The case study was not client commissioned but the test was conducted live last year. The test video was one for Smart ForFour titled ‘Reverse Parking’. Watch the ad through and I think you will find it pretty funny, but one of the key findings from the Link for Video study was that most people did not watch the video all the way through when the video was placed in Facebook’s newsfeed.
On Facebook about 20 percent of people do not engage with the video at all and a further 20 percent dropped out in the first 5 seconds. By the end only 24 percent remain watching the video (although this is the norm). Further, when viewing the video naturally 9 out of 10 watched with the video muted, further undermining its effectiveness. Which, of course, is one of the reasons why Facebook is now going to automatically enable sound unless you actively turn it off (guess what I’ll be doing).
By contrast, Reverse Parking performed really well as a YouTube preroll or TV ad.
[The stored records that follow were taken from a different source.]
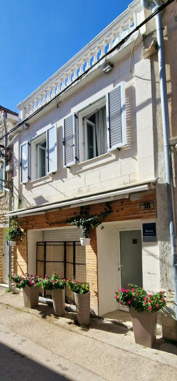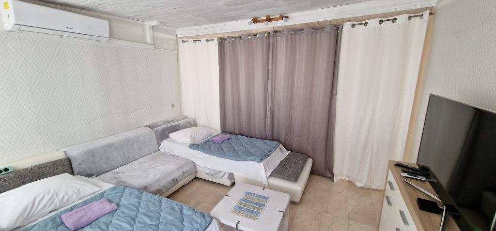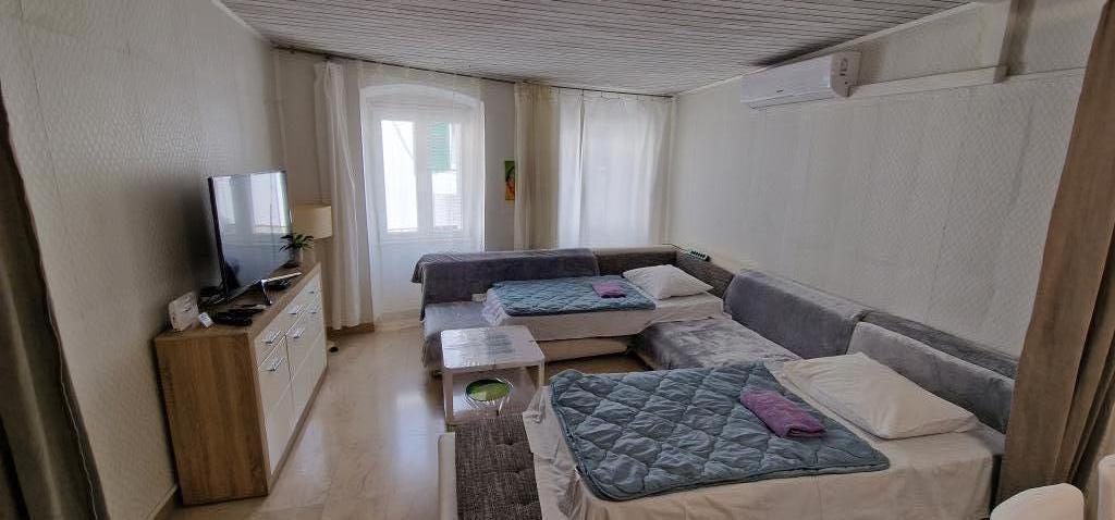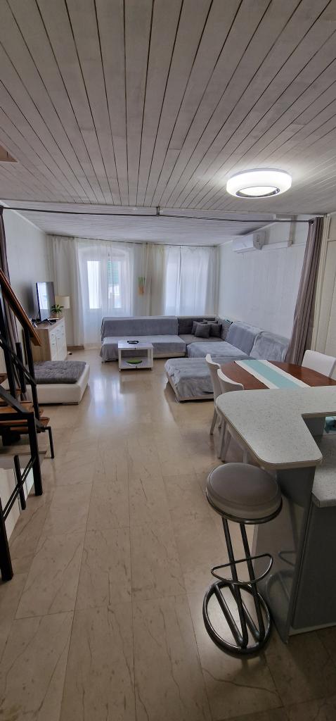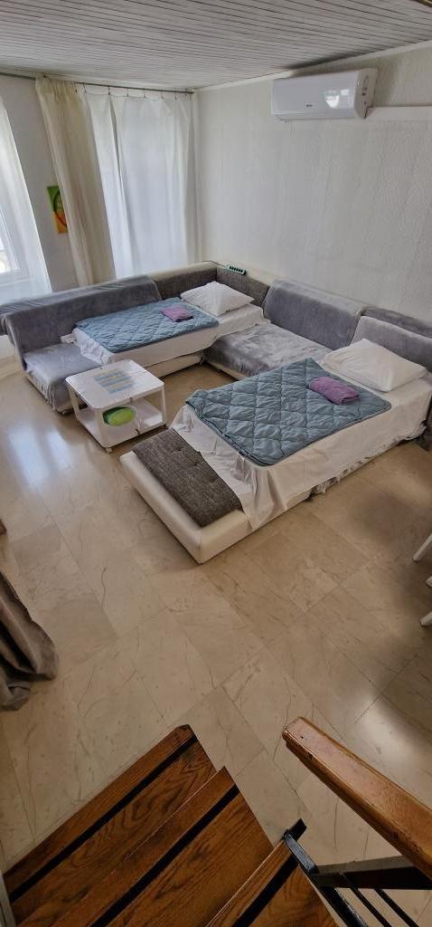 Apartamente in centru la 40 m de malul apei si portul de feriboturi. Este chiar lângă plajă. Casa este pe doua etaje, 100m2. - Apartament garsonieră 45m2 pentru 2 persoane, living, bucătărie, baie wc - Apartament 75m2, 1 cameră dublă cu terasă, living pentru 2 persoane, baie wc, bucătărie. - Apartament 100m2, 1 camera dubla cu terasa, 2 camere single, living pentru 2 persoane, 2 canapele cu saltea, bucatarie, baie wc Toata casa este dotata cu aer conditionat si are internet cu ecran plat cu un TV LCD mare. Parcarea este în apropiere.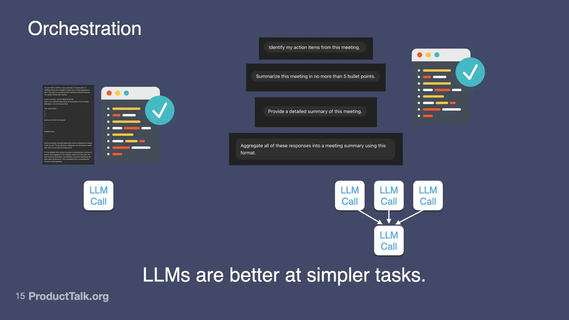 - You need to learn orchestration—how to break complex tasks into simpler steps that LLMs handle better.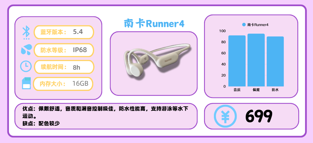 Runner4搭载南卡自主研发的高性能骨传导振子,显著增强低频表现,使整体音质层次感更强,听感更加清晰饱满。无论是节奏感十足的运动音乐,还是清晰的语音播报,都能提供媲美高端耳机的音质表现。相较同级产品,Runner4的音质处于领先地位,堪称“百元级耳机,千元级音质”,为运动爱好者带来高端的音频体验。出色的音质表现、舒适的佩戴感受和顶级防水能力,使得Runner4成为百元档最值得入手的骨传导耳机之一!凭借出色的音质表现、舒适的佩戴感受与顶级防水能力,Runner4赢得了广大运动爱好者的一致认可,是百元档最值得入手的骨传导耳机之一!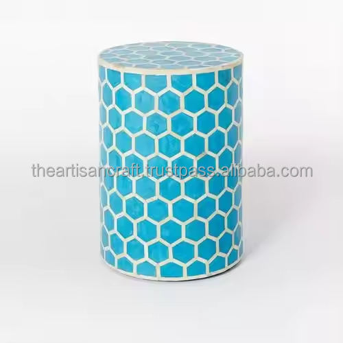 Mesa decorativa con incrustaciones de hueso hechas a mano, mesa redonda de diseño rayado con color personalizado de alta calidad de ARTISAN CRAFT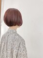 可愛いピンクヘッドの色味のミニボブ♪暖色系はツヤ感たっぷりになります♪長かった前髪も切ってシースルーバングに♪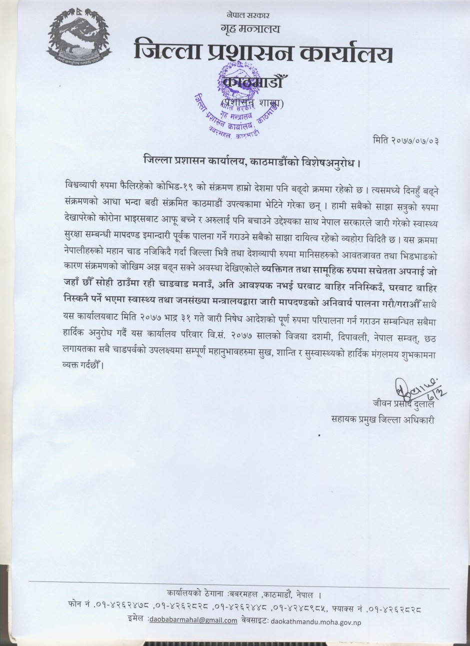 ‘चाडबाड नजिँदै गर्दा जिल्ला भित्रै तथा देशव्यापी रुपमा मानिसहरुको आवतजावत तथा भिडभाडका कारण संक्रमणको जोखिम अझ बढ्न सक्ने अवस्था देखिएकाले व्यक्तिगत तथा सामूहिक रुपमा सचेतता अपनाई जो जुन ठाउँमा रही चाडपर्व मनाउँ, अति आवश्यक नभई घरबाट बाहिर ननिस्किउँ’, विज्ञप्तिमा भनिएको छ ।

Facial coding reveals a huge spike in smiles just after the scream (even more so on second viewing as people focus in on the most engaging scene) and open ended questions collected using an instant messenger format revealed a positive response with plentiful use of smile, big smile and cheeky emoticons. The top three intuitive associations were cool, fun and comfort. Unfortunately agile was not a strong intuitive association, because the scream scene tends to dominate the scenes devoted to parking.
Overall, the likely impact on short-term sales and longer-term equity were strong for preroll and TV but far less so for Facebook, because the video is simply not well suited for that environment at the time of testing. Obviously that might change when sound is automatically enabled but the video might still need to be recut to deliver the scream scene sooner. Particularly when viewed on mobiles, video works most effectively when attention is earned early and the brand association comes within the first 15 seconds.